Created by [Erik Fredner](https://fredner.org) for the 2024 Text Analysis Pedagogy Institute. Revised and expanded by Zhuo Chen under [Creative Commons CC BY License](https://creativecommons.org/licenses/by/4.0/)<br />

For questions/comments/improvements, email zhuo.chen@ithaka.org or nathan.kelber@ithaka.org<br />
____

# Automated Text Classification Using LLMs 1

**Description:** This notebook describes:

* How to create a project Open AI project API key 
* How to interact with the OpenAI API
* How to do automated text classification using OpenAI API

**Use Case:** For Learners and Researchers

**Difficulty:** Intermediate

**Completion Time:** 90 minutes

**Knowledge Required:** 
* Python Basics Series ([Start Python Basics 1](../Python-basics/python-basics-1.ipynb))
* Python Intermediate Series ([Start Python Intermediate 1](../Python-intermediate/python-intermediate-1.ipynb))
* Introduction to LLMs ([Start Intro to LLMs 1](https://ithaka-labs.s3.amazonaws.com/static-files/images/tdm/tdmdocs/March+20+2024_+How+ChatGPT+works+(Session+1).pdf))

**Knowledge Recommended:** Experience with LLM chatbot (e.g.
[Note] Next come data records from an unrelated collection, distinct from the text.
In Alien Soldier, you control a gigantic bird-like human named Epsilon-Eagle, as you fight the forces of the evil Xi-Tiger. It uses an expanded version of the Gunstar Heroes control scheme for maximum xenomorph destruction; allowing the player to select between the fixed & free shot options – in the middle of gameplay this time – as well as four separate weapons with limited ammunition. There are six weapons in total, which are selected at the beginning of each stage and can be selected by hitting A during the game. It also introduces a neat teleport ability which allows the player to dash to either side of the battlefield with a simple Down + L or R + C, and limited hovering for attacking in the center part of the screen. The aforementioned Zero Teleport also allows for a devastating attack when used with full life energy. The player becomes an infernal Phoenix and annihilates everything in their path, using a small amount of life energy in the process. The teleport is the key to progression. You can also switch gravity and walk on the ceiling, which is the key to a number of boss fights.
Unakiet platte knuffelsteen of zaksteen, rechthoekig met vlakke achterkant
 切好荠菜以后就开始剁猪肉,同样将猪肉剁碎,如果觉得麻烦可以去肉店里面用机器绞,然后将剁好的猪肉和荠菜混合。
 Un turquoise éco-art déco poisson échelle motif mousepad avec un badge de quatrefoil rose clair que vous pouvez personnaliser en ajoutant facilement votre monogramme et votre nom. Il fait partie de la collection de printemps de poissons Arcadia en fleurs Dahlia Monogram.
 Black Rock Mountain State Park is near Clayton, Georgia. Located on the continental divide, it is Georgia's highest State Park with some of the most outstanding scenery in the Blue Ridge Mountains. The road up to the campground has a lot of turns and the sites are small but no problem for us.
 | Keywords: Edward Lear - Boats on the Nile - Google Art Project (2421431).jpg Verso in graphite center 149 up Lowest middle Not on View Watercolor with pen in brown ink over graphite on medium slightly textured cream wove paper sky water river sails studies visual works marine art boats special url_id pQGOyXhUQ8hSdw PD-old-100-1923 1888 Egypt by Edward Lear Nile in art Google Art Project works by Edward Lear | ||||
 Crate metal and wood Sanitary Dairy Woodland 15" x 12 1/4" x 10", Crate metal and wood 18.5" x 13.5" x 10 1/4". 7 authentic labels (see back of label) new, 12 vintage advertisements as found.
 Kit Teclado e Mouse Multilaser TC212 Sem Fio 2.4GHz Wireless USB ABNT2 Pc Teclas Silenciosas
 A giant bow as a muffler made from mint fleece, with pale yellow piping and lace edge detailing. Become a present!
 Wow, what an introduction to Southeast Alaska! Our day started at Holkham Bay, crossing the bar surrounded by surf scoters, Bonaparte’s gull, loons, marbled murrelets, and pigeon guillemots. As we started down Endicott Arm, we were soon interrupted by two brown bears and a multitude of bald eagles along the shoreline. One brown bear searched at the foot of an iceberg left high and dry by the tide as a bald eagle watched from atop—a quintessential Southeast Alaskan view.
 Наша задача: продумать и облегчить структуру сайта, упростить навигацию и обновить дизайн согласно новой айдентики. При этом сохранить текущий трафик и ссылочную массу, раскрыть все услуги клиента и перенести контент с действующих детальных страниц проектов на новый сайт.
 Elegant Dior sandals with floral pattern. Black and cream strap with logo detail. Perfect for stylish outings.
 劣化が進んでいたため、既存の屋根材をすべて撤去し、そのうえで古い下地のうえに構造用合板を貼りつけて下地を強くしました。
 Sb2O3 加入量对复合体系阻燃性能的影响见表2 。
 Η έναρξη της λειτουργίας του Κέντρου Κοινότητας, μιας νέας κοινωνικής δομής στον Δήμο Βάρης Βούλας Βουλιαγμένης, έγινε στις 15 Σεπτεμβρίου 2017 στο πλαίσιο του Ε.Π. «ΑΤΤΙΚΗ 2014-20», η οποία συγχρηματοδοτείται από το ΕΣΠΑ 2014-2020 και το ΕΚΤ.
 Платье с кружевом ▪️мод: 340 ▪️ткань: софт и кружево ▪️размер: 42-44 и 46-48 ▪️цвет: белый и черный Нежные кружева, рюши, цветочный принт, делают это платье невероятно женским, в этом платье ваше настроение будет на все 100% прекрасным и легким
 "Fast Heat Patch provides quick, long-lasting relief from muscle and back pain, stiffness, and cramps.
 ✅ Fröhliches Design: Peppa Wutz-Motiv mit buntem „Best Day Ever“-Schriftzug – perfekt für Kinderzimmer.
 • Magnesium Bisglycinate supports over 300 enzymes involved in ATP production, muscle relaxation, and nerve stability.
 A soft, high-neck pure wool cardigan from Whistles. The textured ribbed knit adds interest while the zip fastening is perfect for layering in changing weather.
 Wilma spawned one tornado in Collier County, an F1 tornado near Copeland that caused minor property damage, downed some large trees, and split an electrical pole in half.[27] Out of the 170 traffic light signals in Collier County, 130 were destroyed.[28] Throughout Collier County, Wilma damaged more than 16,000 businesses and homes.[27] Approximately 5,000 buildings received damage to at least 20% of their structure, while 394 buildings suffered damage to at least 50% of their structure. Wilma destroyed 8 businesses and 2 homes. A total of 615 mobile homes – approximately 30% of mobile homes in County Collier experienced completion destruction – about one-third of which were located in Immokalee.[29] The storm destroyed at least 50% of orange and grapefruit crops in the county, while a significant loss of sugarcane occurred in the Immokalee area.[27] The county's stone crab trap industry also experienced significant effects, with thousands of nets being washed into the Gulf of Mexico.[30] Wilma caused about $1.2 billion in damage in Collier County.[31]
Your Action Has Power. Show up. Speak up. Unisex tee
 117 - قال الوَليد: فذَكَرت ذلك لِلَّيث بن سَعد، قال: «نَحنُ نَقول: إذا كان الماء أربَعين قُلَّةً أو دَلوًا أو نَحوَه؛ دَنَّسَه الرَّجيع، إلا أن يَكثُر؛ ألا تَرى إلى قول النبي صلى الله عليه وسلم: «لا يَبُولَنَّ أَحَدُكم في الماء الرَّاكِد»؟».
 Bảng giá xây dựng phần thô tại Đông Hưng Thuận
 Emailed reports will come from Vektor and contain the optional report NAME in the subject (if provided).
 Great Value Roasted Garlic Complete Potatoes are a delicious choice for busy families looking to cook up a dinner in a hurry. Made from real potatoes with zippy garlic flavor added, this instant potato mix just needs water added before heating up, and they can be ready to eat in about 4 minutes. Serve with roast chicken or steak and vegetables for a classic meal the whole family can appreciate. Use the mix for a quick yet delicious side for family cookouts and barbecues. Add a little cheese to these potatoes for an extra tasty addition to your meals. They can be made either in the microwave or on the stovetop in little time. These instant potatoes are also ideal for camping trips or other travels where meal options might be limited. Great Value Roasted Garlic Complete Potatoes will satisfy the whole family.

ChatGPT)

**Data Format:** JSON

**Libraries Used:** openai, dotenv, csv, JSON

**Research Pipeline:** 
1. Play with LLMs if you have not already.
2. Test using a chatbot interface for an LLM (like ChatGPT) to perform relevant classifications for your research.
3. Evaluate initial results.
4. Learn how to interact with an API through this notebook.
5. Modify your initial experiments based on what we cover.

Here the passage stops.